(TASK DESCRIPTION)
Give back exactly the lines running from the line with "The serve of" to the end of the entries, and only those lines.

Source data
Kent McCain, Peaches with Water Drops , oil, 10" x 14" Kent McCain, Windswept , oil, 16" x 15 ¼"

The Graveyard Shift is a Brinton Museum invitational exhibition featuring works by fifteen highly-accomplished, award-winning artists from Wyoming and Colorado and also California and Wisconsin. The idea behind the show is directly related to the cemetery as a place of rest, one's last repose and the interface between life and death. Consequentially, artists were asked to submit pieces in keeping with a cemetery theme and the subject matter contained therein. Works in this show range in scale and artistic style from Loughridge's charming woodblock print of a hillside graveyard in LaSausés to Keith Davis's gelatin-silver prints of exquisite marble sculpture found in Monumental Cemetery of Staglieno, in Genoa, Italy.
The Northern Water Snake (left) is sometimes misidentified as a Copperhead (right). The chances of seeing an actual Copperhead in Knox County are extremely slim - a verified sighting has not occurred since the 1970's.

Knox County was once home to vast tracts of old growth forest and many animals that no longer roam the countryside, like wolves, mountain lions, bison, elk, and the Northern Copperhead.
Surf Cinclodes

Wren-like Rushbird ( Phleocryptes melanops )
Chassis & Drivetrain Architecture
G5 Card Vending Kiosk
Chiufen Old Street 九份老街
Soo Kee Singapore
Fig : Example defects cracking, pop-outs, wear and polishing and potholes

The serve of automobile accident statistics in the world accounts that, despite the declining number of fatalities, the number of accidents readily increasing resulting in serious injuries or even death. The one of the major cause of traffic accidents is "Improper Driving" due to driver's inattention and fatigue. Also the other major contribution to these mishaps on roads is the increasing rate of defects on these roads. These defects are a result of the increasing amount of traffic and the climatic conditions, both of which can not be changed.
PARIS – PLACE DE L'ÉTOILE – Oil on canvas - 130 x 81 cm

(EXERCISE ANSWER)
The serve of automobile accident statistics in the world accounts that, despite the declining number of fatalities, the number of accidents readily increasing resulting in serious injuries or even death. The one of the major cause of traffic accidents is "Improper Driving" due to driver's inattention and fatigue. Also the other major contribution to these mishaps on roads is the increasing rate of defects on these roads. These defects are a result of the increasing amount of traffic and the climatic conditions, both of which can not be changed.
PARIS – PLACE DE L'ÉTOILE – Oil on canvas - 130 x 81 cm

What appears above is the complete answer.